Bons et mauvais usages,
de la géométrie à l'idéologie.
Des débuts mathématiques
Depuis Euclide, on sait représenter, avec la règle et le compas, la proportion selon laquelle le rapport entre deux parties est égal au rapport entre la plus grande de ces parties et le tout. On sait maintenant que c’est un nombre irrationnel : (1 + racine de 5) / 2. Soit 1,618039887... et un nombre infini de décimales. En géométrie, il définit d’abord la division d’un segment selon ce rapport. Il permet la construction des pentagones et pentagrammes.

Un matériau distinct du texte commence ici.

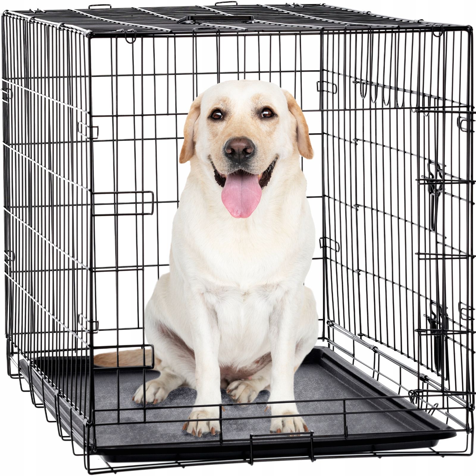 Tukeva koiranhäkki koossa XXL, mitat 107 × 69 × 75,5 cm. Varustettu liukuvalla alustalla helppoa puhdistusta varten ja irrotettavalla kahvalla kätevää kuljetusta varten. Ihanteellinen suurille koirille ja tarjoaa turvallisuutta ja mukavuutta kotona, matkoilla tai koulutuksen aikana.
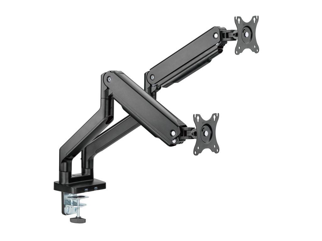 Díky odolné ocelové konstrukci poskytuje stabilní podporu pro dva monitory s úhlopříčkami 17" až 35" a hmotností až 16 kg. Flexibilní konstrukce pro dostatečné nastavení výšky a pozorovacích úhlů s možností nastavení orientace monitoru na výšku nebo na šířku. Součástí balení jsou průchodky a svorky pro instalaci na téměř jakoukoliv pracovní plochu. Odnímatelná deska VESA pro uživatelsky přívětivou instalaci.

Le rectangle qui reprend ses proportions est appelé rectangle d’or, et la spirale particulière construite suivant le rectangle d’or est évidemment la spirale d’or. Euclide n’en fait pas un critère esthétique, mais seulement un moyen parmi d’autres de diviser un segment, qu’il nomme pour longtemps « division en moyenne et extrême raison ».
Il est lié à la suite de Fibonacci, qui est faite de nombres entiers correspondant à beaucoup de modèles de croissance, et qui tend vers le nombre d’or. A partir de Fibonacci, au XIIIe siècle, il trouve son expression algébrique, qu’on écrit aujourd’hui x2-x-1 = 0, ou Φ2 = Φ + 1 ou Φ = 1 + (1/ Φ). Fibonacci l’a illustré par le développement théorique de la progéniture d’un couple de lapins (illustration à droite).
Un développement théologique
Il faut attendre 1509 pour que le moine franciscain Luca Pacioli (à gauche) l’étudie dans un traité de mathématiques, où il étudie ses propriétés géométriques, et, le premier, trouve vertigineuses les propriétés de la proportion qu’il appelle divine parce qu’elle prouve selon lui l’existence de Dieu. Pacioli n'en fait pas un critère esthétique : ami et admirateur de Léonard de Vinci, il ne voit pas dans son art cette fameuse proportion, ni ne la préconise.
Il faut encore attendre ensuite 300 ans pour qu’on reparle du sujet. Au milieu du XIXe siècle, un philosophe allemand, Adolf Zeising, érige cette proportion en norme esthétique. Il lui donne le nom de section d’or, et la trouve (ou plus souvent l’imagine) dans de nombreux domaines, dans la nature comme dans les œuvres humaines, et dans l'homme lui-même (à droite). Adolf Zeising écrivait en 1854 : « [Le nombre d'or est] une loi universelle […] dans laquelle est contenu le principe fondamental de tout effort de formation de beauté et de complétude, dans le royaume de la nature comme dans le domaine de l'art, et qui imprègne depuis les origines, comme un idéal spirituel suprême, toutes les formes et les proportions, cosmiques ou individuelles, organiques ou inorganiques, acoustiques ou optiques, mais qui a trouvé sa plus parfaite réalisation dans la forme humaine. »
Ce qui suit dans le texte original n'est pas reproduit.